[Collection entries]
########

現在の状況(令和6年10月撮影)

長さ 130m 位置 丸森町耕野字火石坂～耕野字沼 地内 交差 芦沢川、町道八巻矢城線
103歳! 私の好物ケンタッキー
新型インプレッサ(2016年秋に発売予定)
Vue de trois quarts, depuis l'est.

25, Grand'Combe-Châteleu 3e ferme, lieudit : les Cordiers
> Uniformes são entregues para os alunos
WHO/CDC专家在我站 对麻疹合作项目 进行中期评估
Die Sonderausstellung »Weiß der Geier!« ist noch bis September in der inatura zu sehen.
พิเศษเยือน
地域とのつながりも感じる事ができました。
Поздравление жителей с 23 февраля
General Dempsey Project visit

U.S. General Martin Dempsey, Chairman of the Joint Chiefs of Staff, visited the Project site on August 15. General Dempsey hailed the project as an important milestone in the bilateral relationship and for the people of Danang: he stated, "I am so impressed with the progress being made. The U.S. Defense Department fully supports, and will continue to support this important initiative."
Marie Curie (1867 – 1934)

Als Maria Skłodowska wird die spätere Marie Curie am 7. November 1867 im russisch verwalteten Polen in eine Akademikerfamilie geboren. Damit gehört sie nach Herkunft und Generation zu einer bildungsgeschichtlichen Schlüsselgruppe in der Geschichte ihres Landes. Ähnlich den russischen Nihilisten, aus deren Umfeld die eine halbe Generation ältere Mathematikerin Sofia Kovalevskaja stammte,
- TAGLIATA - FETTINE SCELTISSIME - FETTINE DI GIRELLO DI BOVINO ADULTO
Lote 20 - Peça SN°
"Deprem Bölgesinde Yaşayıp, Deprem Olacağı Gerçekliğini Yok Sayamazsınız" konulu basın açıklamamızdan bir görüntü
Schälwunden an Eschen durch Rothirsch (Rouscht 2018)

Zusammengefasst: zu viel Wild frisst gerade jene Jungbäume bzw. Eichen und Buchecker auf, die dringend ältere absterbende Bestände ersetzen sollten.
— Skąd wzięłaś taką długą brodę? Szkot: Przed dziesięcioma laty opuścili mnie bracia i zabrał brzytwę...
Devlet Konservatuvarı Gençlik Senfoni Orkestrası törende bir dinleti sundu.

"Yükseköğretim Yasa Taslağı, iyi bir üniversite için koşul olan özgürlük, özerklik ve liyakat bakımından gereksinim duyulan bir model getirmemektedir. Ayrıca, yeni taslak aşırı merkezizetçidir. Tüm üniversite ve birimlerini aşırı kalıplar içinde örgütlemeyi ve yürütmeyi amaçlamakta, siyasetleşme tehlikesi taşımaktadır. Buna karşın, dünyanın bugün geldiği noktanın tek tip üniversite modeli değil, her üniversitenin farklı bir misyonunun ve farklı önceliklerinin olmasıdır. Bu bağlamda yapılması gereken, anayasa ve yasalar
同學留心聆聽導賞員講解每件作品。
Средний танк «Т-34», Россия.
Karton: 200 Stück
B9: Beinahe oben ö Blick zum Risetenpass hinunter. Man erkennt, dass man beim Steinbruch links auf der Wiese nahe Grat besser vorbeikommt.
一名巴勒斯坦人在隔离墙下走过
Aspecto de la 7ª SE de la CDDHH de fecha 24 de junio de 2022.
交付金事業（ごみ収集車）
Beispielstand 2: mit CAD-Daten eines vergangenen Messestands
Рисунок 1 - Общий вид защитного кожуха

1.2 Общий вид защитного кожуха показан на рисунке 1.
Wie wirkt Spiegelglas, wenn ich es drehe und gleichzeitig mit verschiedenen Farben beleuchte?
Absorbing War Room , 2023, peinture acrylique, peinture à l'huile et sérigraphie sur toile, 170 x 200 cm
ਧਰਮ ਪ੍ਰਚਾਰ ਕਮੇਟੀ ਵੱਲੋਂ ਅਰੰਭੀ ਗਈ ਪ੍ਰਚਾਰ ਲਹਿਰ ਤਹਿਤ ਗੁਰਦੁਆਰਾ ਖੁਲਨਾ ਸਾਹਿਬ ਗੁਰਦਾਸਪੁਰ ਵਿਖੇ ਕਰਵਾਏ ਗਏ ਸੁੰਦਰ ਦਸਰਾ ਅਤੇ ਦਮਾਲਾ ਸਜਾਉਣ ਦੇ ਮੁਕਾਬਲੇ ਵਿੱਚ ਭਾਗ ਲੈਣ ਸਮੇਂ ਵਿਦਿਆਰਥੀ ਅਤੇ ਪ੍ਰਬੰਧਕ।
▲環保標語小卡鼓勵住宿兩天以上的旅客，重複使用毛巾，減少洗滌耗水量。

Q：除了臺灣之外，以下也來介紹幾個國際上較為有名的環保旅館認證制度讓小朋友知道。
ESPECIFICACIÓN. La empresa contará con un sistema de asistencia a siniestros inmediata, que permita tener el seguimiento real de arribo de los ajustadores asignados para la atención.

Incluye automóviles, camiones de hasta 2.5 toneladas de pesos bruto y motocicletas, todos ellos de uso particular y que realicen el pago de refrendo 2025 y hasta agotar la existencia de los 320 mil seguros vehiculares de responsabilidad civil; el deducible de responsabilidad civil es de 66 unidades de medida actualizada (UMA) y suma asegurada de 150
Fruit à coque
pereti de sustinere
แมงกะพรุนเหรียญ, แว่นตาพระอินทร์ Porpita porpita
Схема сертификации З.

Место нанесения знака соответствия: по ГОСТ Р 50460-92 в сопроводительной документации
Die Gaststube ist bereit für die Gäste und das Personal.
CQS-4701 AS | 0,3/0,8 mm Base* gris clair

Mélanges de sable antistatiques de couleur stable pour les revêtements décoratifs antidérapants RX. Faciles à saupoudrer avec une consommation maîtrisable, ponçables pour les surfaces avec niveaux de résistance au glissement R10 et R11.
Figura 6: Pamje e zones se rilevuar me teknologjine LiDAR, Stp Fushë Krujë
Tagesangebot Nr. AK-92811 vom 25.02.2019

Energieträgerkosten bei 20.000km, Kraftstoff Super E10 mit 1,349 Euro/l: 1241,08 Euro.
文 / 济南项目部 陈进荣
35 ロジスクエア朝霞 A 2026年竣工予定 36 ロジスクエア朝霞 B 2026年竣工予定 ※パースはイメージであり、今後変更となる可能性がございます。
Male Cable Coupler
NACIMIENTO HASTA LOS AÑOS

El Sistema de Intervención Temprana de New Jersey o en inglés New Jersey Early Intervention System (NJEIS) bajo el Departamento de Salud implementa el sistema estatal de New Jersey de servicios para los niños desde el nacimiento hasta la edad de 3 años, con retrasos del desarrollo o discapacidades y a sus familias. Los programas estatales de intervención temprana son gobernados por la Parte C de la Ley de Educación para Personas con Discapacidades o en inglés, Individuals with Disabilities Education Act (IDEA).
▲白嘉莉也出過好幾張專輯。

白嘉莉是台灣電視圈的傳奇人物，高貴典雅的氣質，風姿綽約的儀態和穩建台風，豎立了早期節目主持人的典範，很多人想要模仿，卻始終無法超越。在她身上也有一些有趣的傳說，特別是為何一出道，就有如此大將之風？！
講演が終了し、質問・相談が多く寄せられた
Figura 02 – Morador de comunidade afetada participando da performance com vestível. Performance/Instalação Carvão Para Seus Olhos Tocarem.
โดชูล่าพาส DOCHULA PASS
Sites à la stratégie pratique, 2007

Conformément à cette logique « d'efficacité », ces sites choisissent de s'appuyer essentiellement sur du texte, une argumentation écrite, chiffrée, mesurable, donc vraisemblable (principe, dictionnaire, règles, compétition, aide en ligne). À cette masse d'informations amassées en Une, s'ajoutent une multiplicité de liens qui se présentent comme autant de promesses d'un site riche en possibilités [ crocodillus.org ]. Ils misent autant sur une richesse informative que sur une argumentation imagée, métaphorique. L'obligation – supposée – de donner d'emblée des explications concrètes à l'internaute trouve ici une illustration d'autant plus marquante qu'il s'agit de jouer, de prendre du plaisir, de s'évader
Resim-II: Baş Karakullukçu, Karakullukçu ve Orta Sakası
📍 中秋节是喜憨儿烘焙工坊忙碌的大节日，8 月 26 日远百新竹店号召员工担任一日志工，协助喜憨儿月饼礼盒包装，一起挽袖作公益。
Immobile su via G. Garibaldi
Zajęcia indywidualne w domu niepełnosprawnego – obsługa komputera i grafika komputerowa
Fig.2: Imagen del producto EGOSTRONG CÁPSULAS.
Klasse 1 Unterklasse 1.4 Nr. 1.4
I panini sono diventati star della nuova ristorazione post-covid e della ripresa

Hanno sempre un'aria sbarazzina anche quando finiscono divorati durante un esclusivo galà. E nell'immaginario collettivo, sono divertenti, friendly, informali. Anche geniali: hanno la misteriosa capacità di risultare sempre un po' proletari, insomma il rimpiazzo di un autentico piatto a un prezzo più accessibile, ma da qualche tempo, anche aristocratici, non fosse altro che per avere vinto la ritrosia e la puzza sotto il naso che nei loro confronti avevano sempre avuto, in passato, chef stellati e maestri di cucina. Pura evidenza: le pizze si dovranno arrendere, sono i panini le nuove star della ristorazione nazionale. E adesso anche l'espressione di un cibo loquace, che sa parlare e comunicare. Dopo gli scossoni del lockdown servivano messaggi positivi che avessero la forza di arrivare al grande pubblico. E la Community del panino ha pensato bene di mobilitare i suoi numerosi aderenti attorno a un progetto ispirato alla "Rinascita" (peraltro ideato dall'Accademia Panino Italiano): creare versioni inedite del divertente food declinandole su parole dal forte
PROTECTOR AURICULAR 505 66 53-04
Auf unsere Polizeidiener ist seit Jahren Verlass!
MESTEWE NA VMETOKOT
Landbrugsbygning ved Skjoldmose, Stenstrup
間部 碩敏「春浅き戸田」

########

* [Exercise description]
As the answer, set down only the lines from the data above between the one holding "pereti de sustinere" and the one holding "CQS-4701 AS | 0,3/0,8 mm Base* gris clair", inclusive, exactly as they read.

* [Exercise answer]
pereti de sustinere
แมงกะพรุนเหรียญ, แว่นตาพระอินทร์ Porpita porpita
Схема сертификации З.

Место нанесения знака соответствия: по ГОСТ Р 50460-92 в сопроводительной документации
Die Gaststube ist bereit für die Gäste und das Personal.
CQS-4701 AS | 0,3/0,8 mm Base* gris clair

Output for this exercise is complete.